La requérante a également attiré l'attention de la chambre sur la décision T 385/97 du 11 octobre 2000, point 3.2 des motifs : « ... If first instance departments and/or parties have failed to take account of highly relevant matter which is clearly available in the EPO file and which relates to a ground of opposition, the Board's competence extends to rectifying the position by consideration of that matter provided, of course, the parties' procedural rights to fair and equal treatment are respected. »
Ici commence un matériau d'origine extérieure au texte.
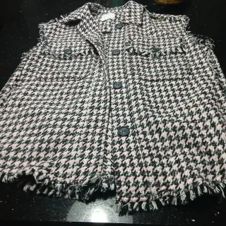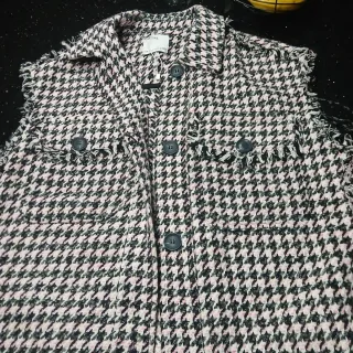 Chaleco de mujer con estampado houndstooth en tonos negro y rosa. Presenta un diseño moderno con detalles deshilachados en los bolsillos y los bajos. - Cierre de botones. - Dos bolsillos en el pecho. - Cuello camisero.
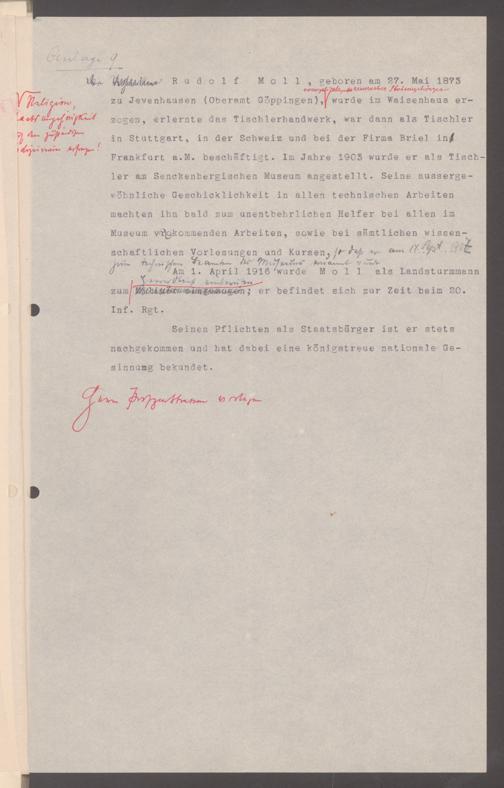 V176 Senckenberg Gesellschaft für Naturforschung, 326 - Bemühungen der Senckenbergischen Naturforschenden Gesellschaft um die Verleihung staatlicher Ehrentitel und Orden an verdiente Mitarbeiter und Förderer
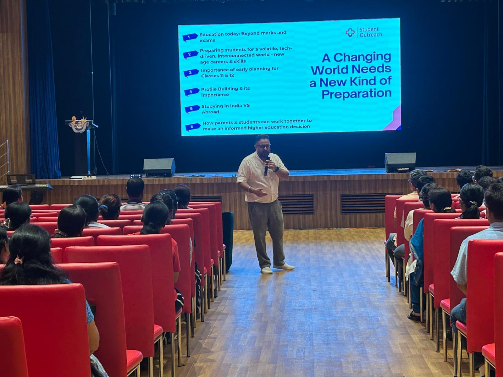 IVWS believes that career counseling is crucial for young individuals to help them make informed decisions about their career paths. It not only enhances self- awareness but also helps them to understand their true strengths and interests. It empowers them to choose careers that align with their aptitudes and aspirations, fostering a more satisfying and productive work life. With this motto, Indus Valley World School, in collaboration with Student Outreach organized its Annual Career Fair, 3 rd Edition, on September 20, 2025. In order to make the Fair more meaningful, a special Career Talk was organized for the students and parent alike where Mr Ajay Sharma, a veteran career counselor addressed important questions like why a Career Fair is important, the impact of the rapidly changing world on career options, the growing spectrum of new age career choices and the evolution of many new universities offering such career paths. The large hall in the school campus buzzed with activity from 8 am to 12.30 pm as the students of Grade X to XII, along with their parents visited the fair in large numbers. Thirty eight renowned universities like Ashoka, Flame, OP Jindal, Krea, Rishiwood, Dayanand Sagar and many more participated in it. The event saw an overwhelming response from the students and their parents. They were more than happy to have got the opportunity to interact directly with the university representatives, who in turn were satisfied with the very high footfall.

Invitée par la chambre à se positionner par rapport aux exigences de l'article 114(2) CBE, la requérante a expliqué que la question à se poser était de savoir si la chambre est en mesure de se prononcer sur un fait soulevé en 2015. L'expression « en temps utile » doit être interprétée à l'égard du droit des parties à un procès équitable et du devoir qu'a la chambre de juger. En l'espèce, l'argument a été soulevé en temps utile. La question pourrait se poser si l'argument avait été soulevé pour la première fois lors de la procédure orale, ce qui n'est pas le cas en l'espèce. Le devoir de juger reste prédominant par rapport à des considérations procédurales ou des questions d'organisation interne. La question décisive est de savoir s'il est possible, de façon décente, de prendre en compte l'argument.
La requérante a également attiré l'attention de la chambre sur la gradation des éléments tardifs : motifs, documents, arguments. On ne saurait appliquer les mêmes critères à ces trois éléments. En ce qui concerne les arguments, il y a eu une évolution ; la situation n'est pas si claire, compte tenu des travaux préparatoires et des décisions de la Grande Chambre de recours. La chambre doit être disposée à accepter de nouveaux arguments, sauf en cas d'abus.
g) Renvoi à la première instance
Au cas où la chambre admettrait l'argument tardif de la requérante concernant la nature de la colle utilisée (caractéristique 3), un renvoi de l'affaire en première instance est demandé par la requérante.
Motifs de la décision
1. Droit applicable
La demande de brevet sur la base de laquelle le brevet a été délivré, a été déposée le 17 novembre 2006. Par conséquent, en application de l'article 7 de l'Acte portant révision de la CBE en date du 29 novembre 2000 (JO OEB, édition spéciale 4/2007, 235) et de la Décision du Conseil d'administration du 28 juin 2001 relative aux dispositions transitoires au titre de l'article 7 de l'Acte de révision de la Convention sur le brevet européen du 29 novembre 2000 (JO OEB, édition spéciale 4/2007, 237) les articles 54, 84, 100, 113 et 114 CBE 1973 ainsi que l'article 123 CBE (2000) lui sont applicables.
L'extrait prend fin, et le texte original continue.